8:45 am, Monday, June 18th
Katelyn and Emily are rushing out the door to get on the school bus. Yes, they are STILL trying to finish this neverending school year! Is it summer yet? No. I'll tell you why not. Because Katelyn and Emily still have this full week of school, plus a half day next Monday, before summer break begins. Reason #2: As Katelyn and Emily ran out the door, it was raining, gray, and cold enough that even though Emily was wearing a sweater and boots, I felt guilty not sending a jacket with her today!

What time is it?!

Keeping up with the Jones-Bloggers

In the past few weeks, I've received a rash (sounds bad, but I don't mean it that way...can a "rash" be pleasant?) of e-mails from my cousins, all close to me in age, announcing one engagement and three pregnancies. This is great news, and I've been waiting for this flood to come for quite a while. Twelve years, to be precise. It has been twelve years since I was engaged and about to be married. And it has been eleven years since I announced my first pregnancy. It was so long ago (you're not going to believe this) that I didn't even have an e-mail account at that time, so guess what I had to do....I had to pick up my phone, dial seven or ten numbers at a time, and actually use my voice to say the same thing over and over to each friend and relative that I called. (*gasp*) I'm being obnoxious about this, but honestly, I'm not perturbed that I didn't get a phone call from any of these cousins or anyone else in the grapevine (including my own mother). In fact, I think it's great that they have the ability to send mass e-mail announcements, because otherwise I would probably still be in the dark about those upcoming events.

I just think it's amazing that this technology exists.

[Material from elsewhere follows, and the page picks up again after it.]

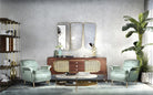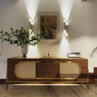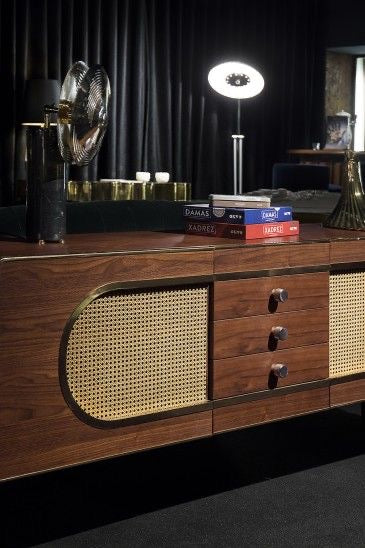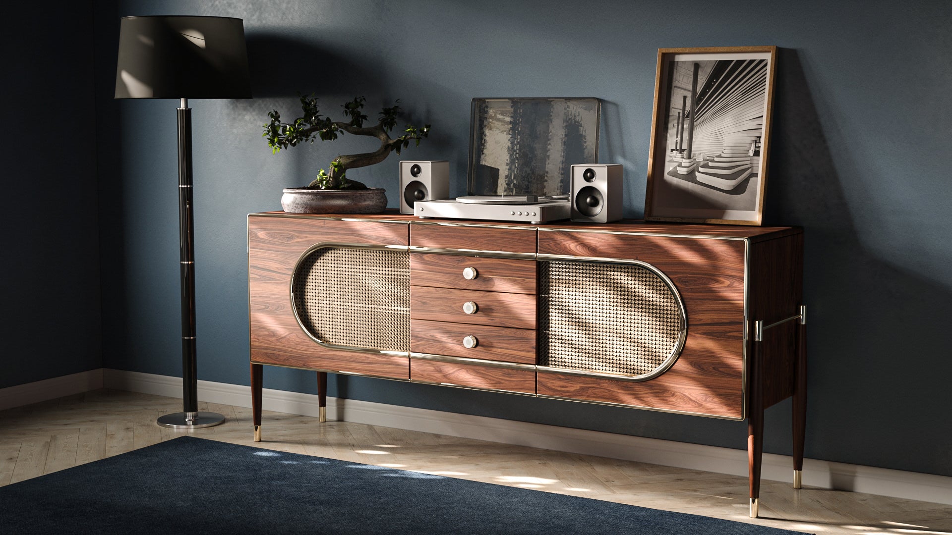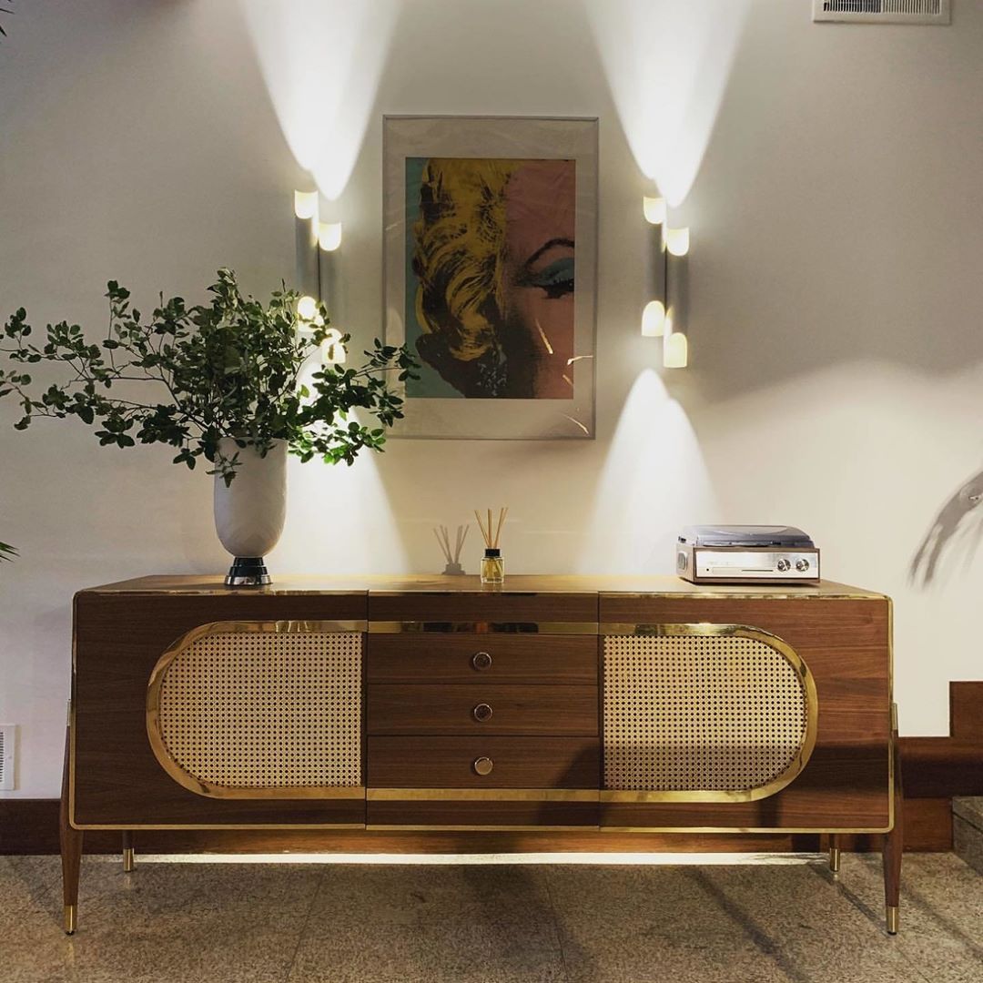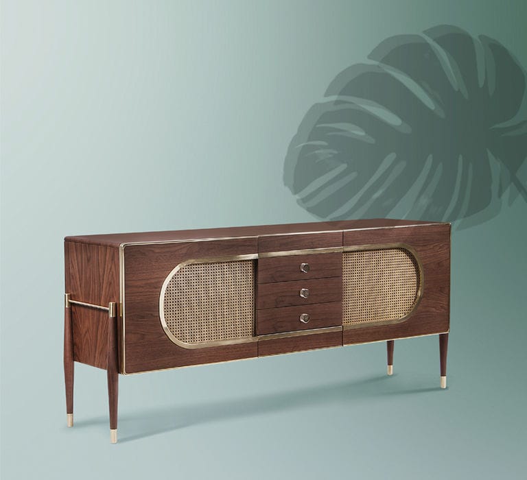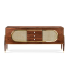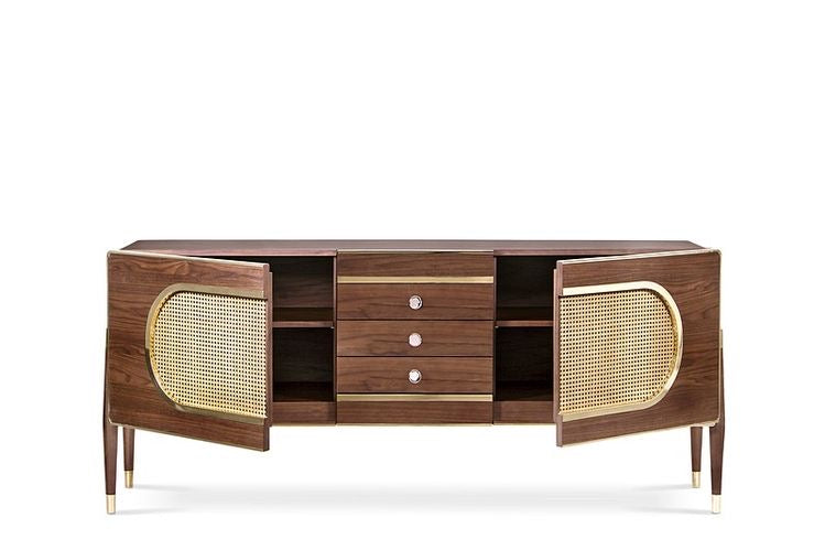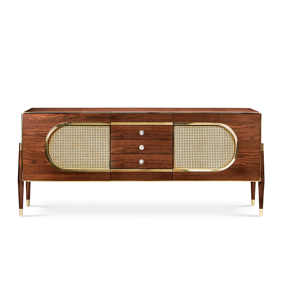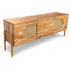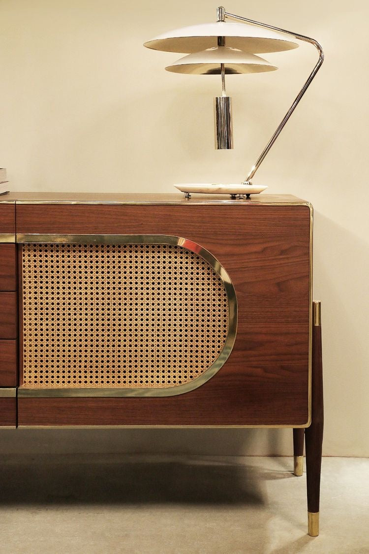 Introducing our Cane credenza featuring oiled natural acacia. The 2 doors are accentuated by natural rattan trimmed with brushed brass. This piece comes with exposed legs with brushed brass caps.

I don't have any announcements worthy of a mass e-mail to make. And yet, every week I broadcast reports about mundane life. If it takes a major life event, like a wedding or a birth, to inspire my loved ones to send me a quick message, maybe the message between the lines is, "Quit filling up my inbox with your yapping about diapers and dates and the weather. Save it for the good stuff."

So I've been exploring this new format for my yapping: a Blog. Maybe this is the perfect solution for me. I can write as much and make it as boring to anyone else as I might want, and no one else will be compelled to read it all, skim over its contents, or even just send it to their electronic trash can. Those who do like all the nitty gritty details (maybe my mom?) can read and re-read as often as they choose. This sounds brilliant.

Too bad I'm still not much more proficient with this technology than I was ten years ago when I first started using e-mail.